We report a simple but efficient method to synthesize carbon nanotube-bridged wires (NBWs) with gaps as small as 5 nm. In this method, we have combined a strategy for assembling carbon nanotubes (CNTs) inside anodized aluminum oxide pores and the on-wire lithography technique to fabricate CNT-bridged wires with gap sizes deliberately tailored over the 5-600 nm range. As a proof-of-concept demonstration of the utility of this architecture, we have prepared NBW-based chemical and biosensors which exhibit higher analyte sensitivity (lower limits of detection) than those based on planar CNT networks. This observation is attributed to a greater surface-to-volume ratio of CNTs in the NBWs than those in the planar CNT devices. Because of the ease of synthesis and high yield of NBWs, this technique may enable the further incorporation of CNT-based architectures into various nanoelectronic and sensor platforms.

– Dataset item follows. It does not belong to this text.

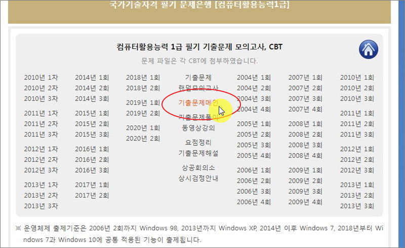 ▼ 컴활1급 필기 기출문제 모의고사 페이지가 나타났습니다. 2004년 1회부터 2020년 2회까지 상당량의 기출문제 자료가 있음을 확인할 수 있습니다. 화면 중앙에 있는 "기출문제메인"을 클릭해 봅니다.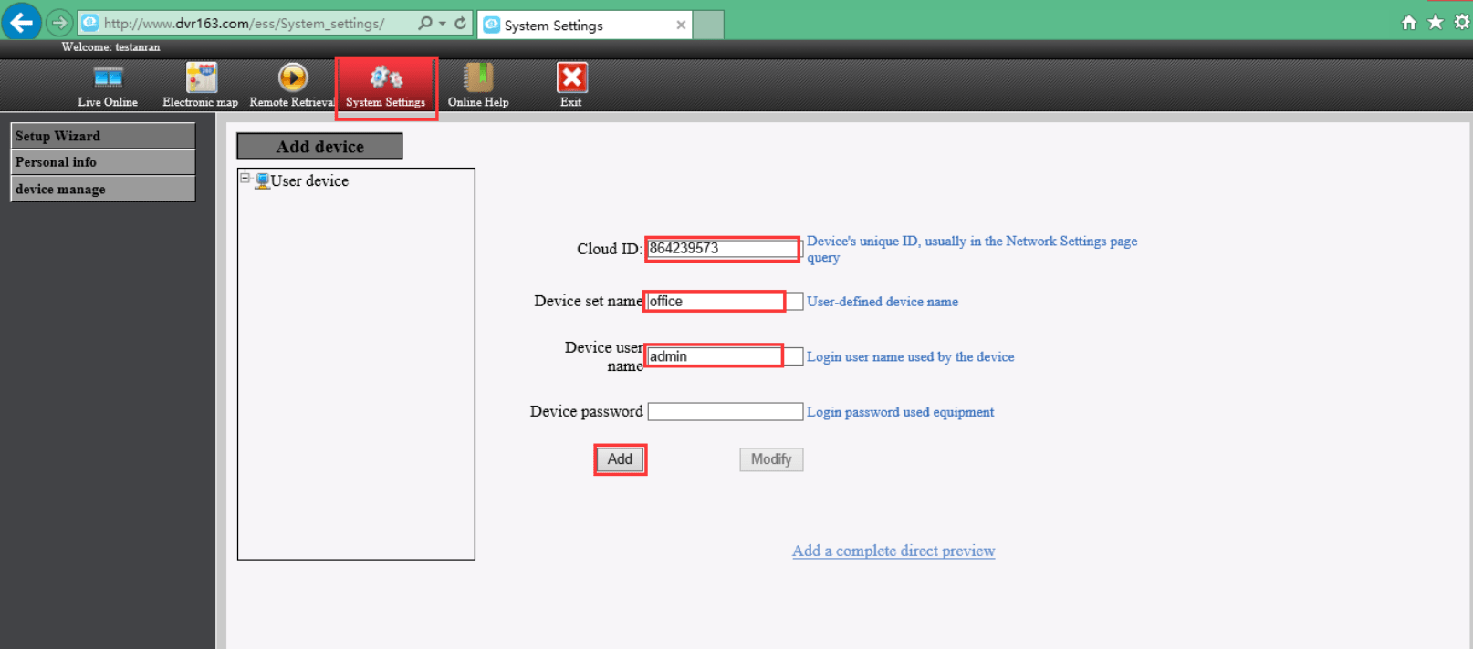 Device password: This is NVR systemās default password, if you hadn’t changed it, it should be blank. If you have modified the password, please enter the password which you had set.

OWL-Based Nanomasks for Preparing Graphene Ribbons with Sub-10 nm Gaps

We report a simple and highly efficient method for creating graphene nanostructures with gaps that can be controlled on the sub-10 nm length scale by utilizing etch masks comprised of electrochemically synthesized multisegmented metal nanowires. This method involves depositing striped nanowires with Au and Ni segments on a graphene-coated substrate, chemically etching the Ni segments, and using a reactive ion etch to remove the graphene not protected by the remaining Au segments. Graphene nanoribbons with gaps as small as 6 nm are fabricated and characterized with atomic force microscopy, scanning electron microscopy, and Raman spectroscopy. The high level of control afforded by electrochemical synthesis of the nanowires allows us to specify the dimensions of the nanoribbon, as well as the number, location, and size of nanogaps within the nanoribbon. In addition, the generality of this technique is demonstrated by creating silicon nanostructures with nanogaps.